Back from IMCAS 2020 in Paris, a short feedback for industry players and investors.

Hyaluronic Acid is the star of dermal fillers and is not ready to leave its place to anything else, and probably this for long. Hyaluronic Acid fillers continues to tract the aesthetics market together with botulinum toxin, still for a certain time, and their complementarity remains highly strategic for prominent players.

Hyaluronic Acid Fillers markets will continue to grow

Among the aesthetics markets, which include breast implants, cosmeceuticals, energy-based devices, the Aesthetics Injectables remains the major revenue provider with USD 6.3 billion[1] in 2019, 52% of the Global Aesthetic Market. Aesthetics injectables CAGR over the period 2018-2023 is the highest in this market and expected to be at 9%, to reach a market value of USD 8.9 billion in 2023.

Strategic Momentum for investors

Following the Allergan’s mega-merger (USD 63 billion) by Abbvie last fall, Abbvie decided to launch Allergan Aesthetics, a separate subsidiary; similar strategy for Merz to structure its activities in three independently operating business, with Merz Aesthetics being one of them. These 2 recent announcements show how particular is the aesthetics business, and how strategic it is to consider it separately from a more global pharmaceutical portfolio.

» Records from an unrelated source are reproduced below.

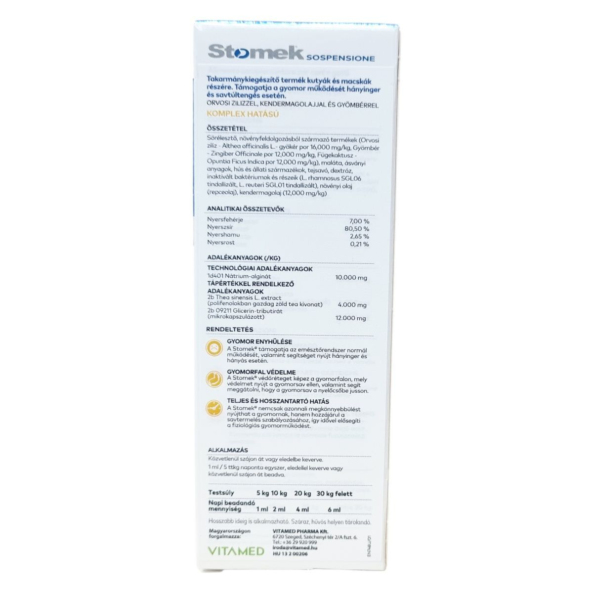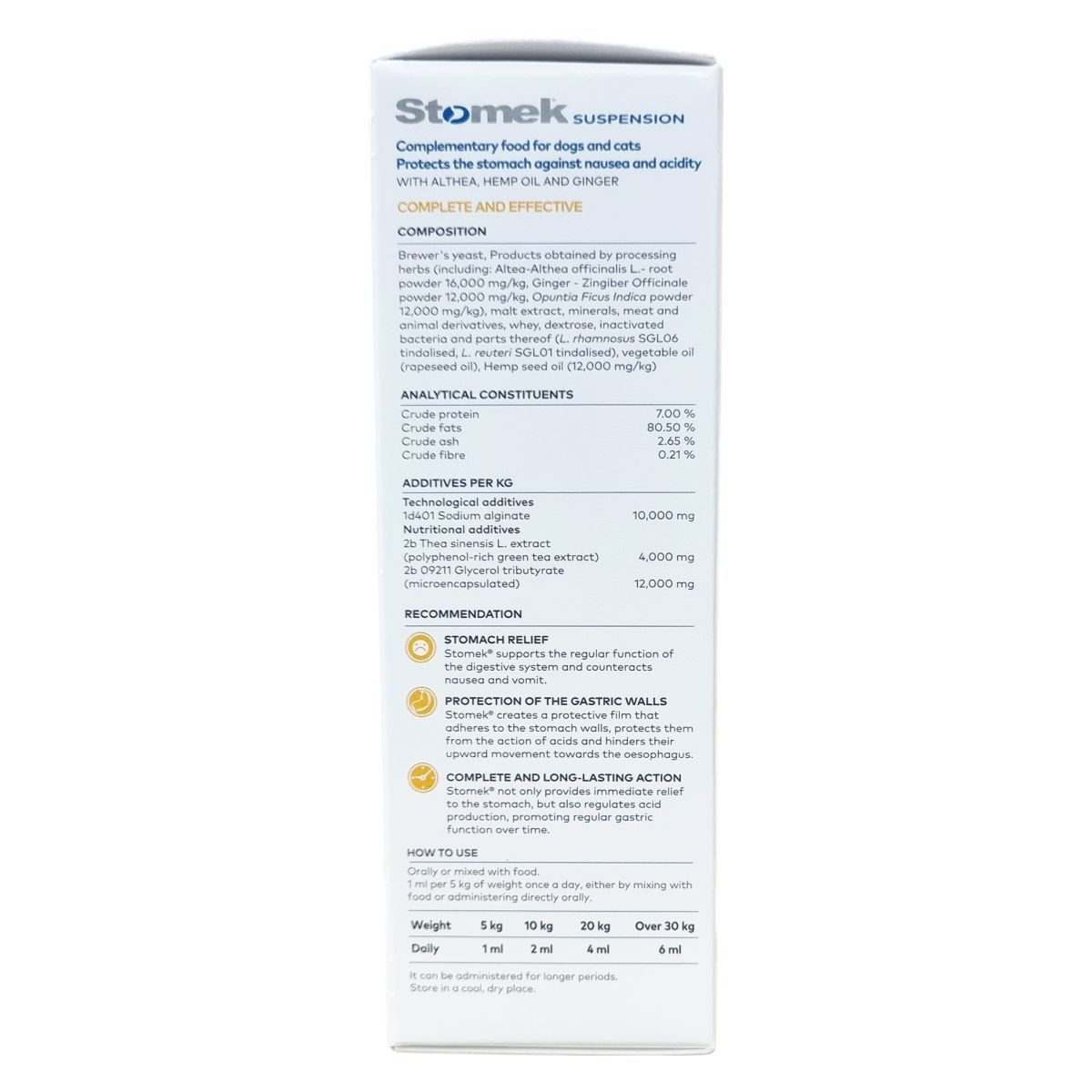 A Stomek® egy takarmánykiegészítő, amely kifejezetten kutyák és macskák részére készült, és a gyomor működésének támogatására szolgál. A készítmény összetevői között megtalálható az orvosi ziliz (Althea officinalis L.) gyökér, a gyömbér (Zingiber Officinale) és a fügektaktusz (Opuntia Ficus Indica), valamint kendermagolaj, maláta, ásványi anyagok, hús- és állati származékok, sörelesztő, tejsavó és inaktivált probiotikus baktériumok. A termék úgy fejti ki hatását, hogy védőréteget képez a gyomorfalon, amely megóvhatja a gyomrot a savtúltengéstől és segítheti a savtermelés szabályozását, továbbá támogatja az emésztőrendszer normál működését. A Stomek® napi adagolással, közvetlenül vagy eledelbe keverve adható a kedvenceknek és hosszabb ideig is alkalmazható, figyelembe véve a testtömeg szerint meghatározott adagokat. A termék olasz gyártású, 50 ml-es kiszerelésben kapható, és a használat előtt fel kell rázni.
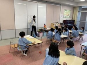 また、煙を想定した場面では、「ハンカチがなくて口を押さえられなかったとき、どうしたのか」という問いかけに対し、子どもたちから「防災頭巾で口や鼻を覆った」という声が聞かれました。子ども自身が状況を考え、身近なものを使って身を守ろうとしていたことが伝わる場面でした。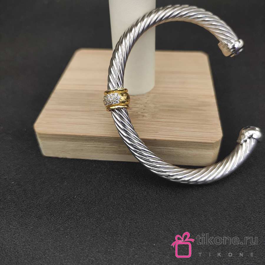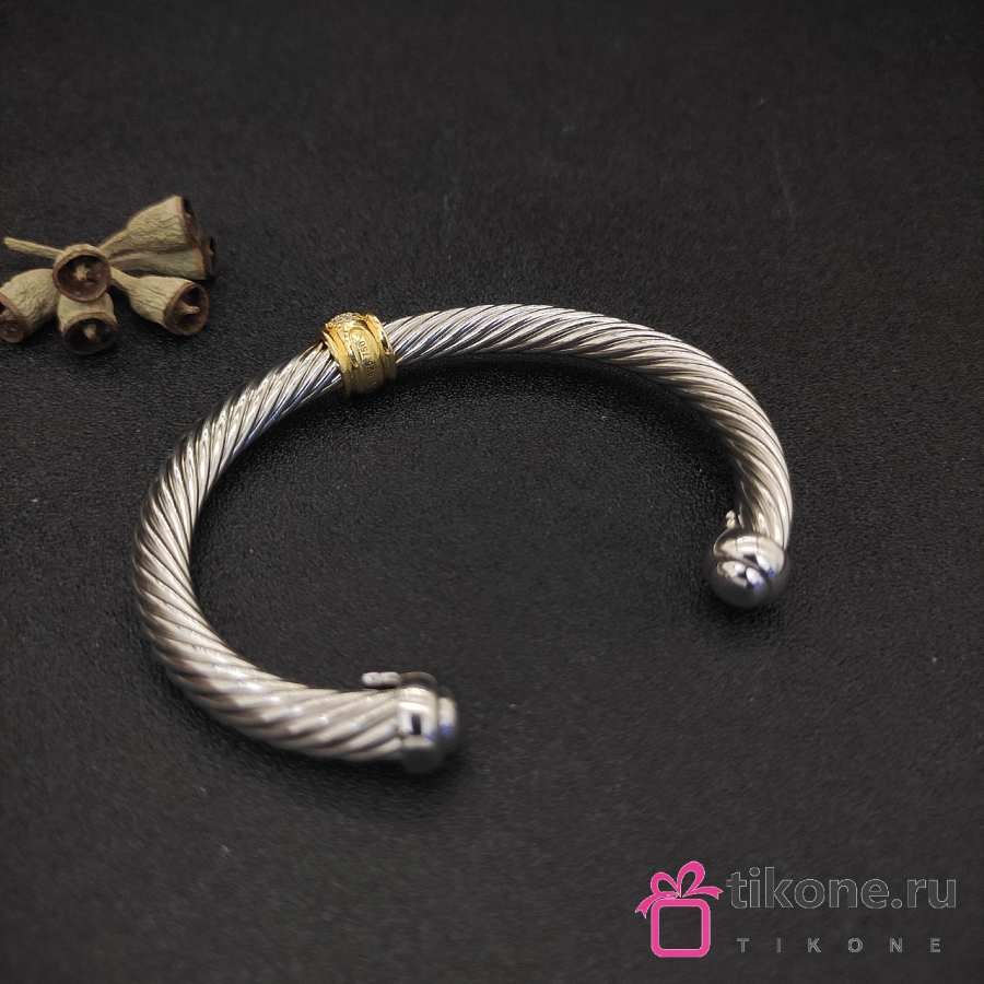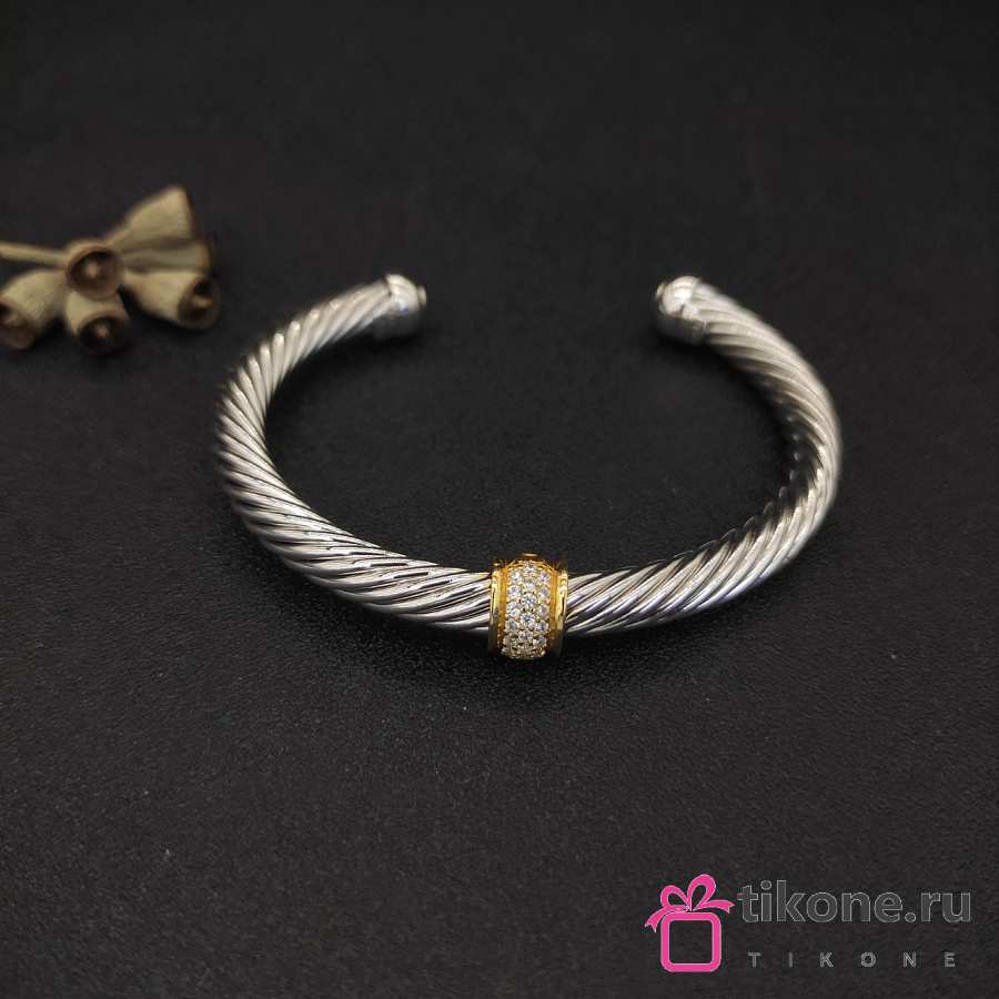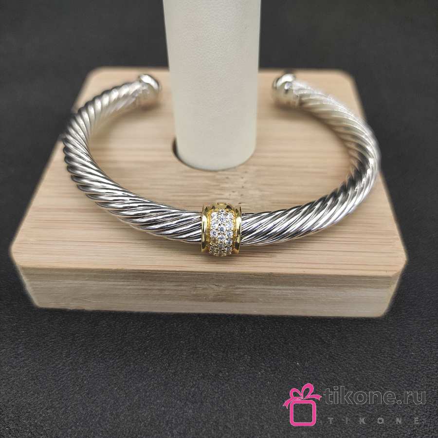 David Yurman Classic Cable Station Bracelet Sterling Silver with 18K Yellow Gold and Pavé Diamonds 7mm

The last 12 months were also marked by 2 major deals, with the Investors’ consortium led by EQT, which acquired Galderma from Nestlé (NB: CHF 10.2 billion) to make it the largest independent dermatology company, and the very recent strategic partnership entered between Hyaluronic Acid’s company Teoxane with botulinum toxin company Revance, for US. European extension of this deal may particularly make sense, if reversal.

MDR will slow down innovation in Europe

The implementation of the EU Medical Device Regulation (MDR) is already showing its effects ahead of its official implementation on May 26th, 2020. Most dermal fillers companies already drastically strengthened their regulatory and clinical affairs teams and have adopted stronger criteria for their clinical trials plans. Latest clinical trials demonstrate a longer follow-up period up to 12-18 months.

Despite the positive effect of the MDR of re-ensuring Health Care Practitioners with stronger constraints imposed to manufacturers before launching a new product and along the life cycle of such product, this will clearly lead to installing an important barrier to entry for start-ups in Europe aiming at providing innovative treatments.

Necessary investments in R&D and clinicals are not anymore comparable to what they could be even five years back. For start-ups and SMEs in aesthetics intending to raise money, we may wonder if the life sciences investors are already sufficiently aware of the major shift in the required financial resources to support adequately the start-ups developments?

Uncertainties remain also in how the notified bodies will review the future CE filings and in which timing… All of these will clearly lead to slowing down some enthusiasm of start-uppers to launch a new MD in Europe, at first…

For the overall aesthetics Medical Device industry, Europe might not be anymore the market #1 to launch innovations. Will the industry players adapt their launch strategies and select other regions than Europe to market their innovations? At least some players are already building up on parallel plans between Europe and Asia.

Increase of clinical costs may increase dermal fillers prices

Different sessions’ speakers at IMCAS also pointed out the necessity for the industry to perform clinical trials for each intended use (i.e. indication) of the fillers, as to be compliant with the new MDR and have the possibility to include such intended use in the product’s IFU. First question which could be raised is: Does an injection in the naso-labial area is the same intended use as an injection in the chin or glabella areas for example? Some speakers were confirming these may be considered differently by notified bodies…

As the industry will heavily spends budgets in clinical development and follow-up, we may expect a potential increase of the price of dermal fillers from manufacturers to users. At least some CEOs of the industry did not exclude it during the Tribune.

Enlarging patients’ population having procedures

As pointed out by several industry leaders during the congress, the patients having aesthetic procedures are only representing 5-7% of the population, therefore we may bet on companies to ensure promotion to a larger scope of population to have injectable’s procedures, especially the 25-35 years old generation may become the new target of the industry.

A market which will finally not change face much

Finally, what can we expect as market dynamics? Most probably, current players will remain with the existing products portfolios – hyaluronic acid fillers are already well performing and safe – with the aim over the next 5 years to ensure regulatory and clinical compliance for CE renewals and to address a younger patientele. And this, without having to face numerous new competitors entry, now blocked by the MDR…

#falgagen #hyaluronicacid #dermalfillers #aesthetics #aestheticmedicine

[1] Decision Resources Group presentation at IMCAS 2020 Tribune.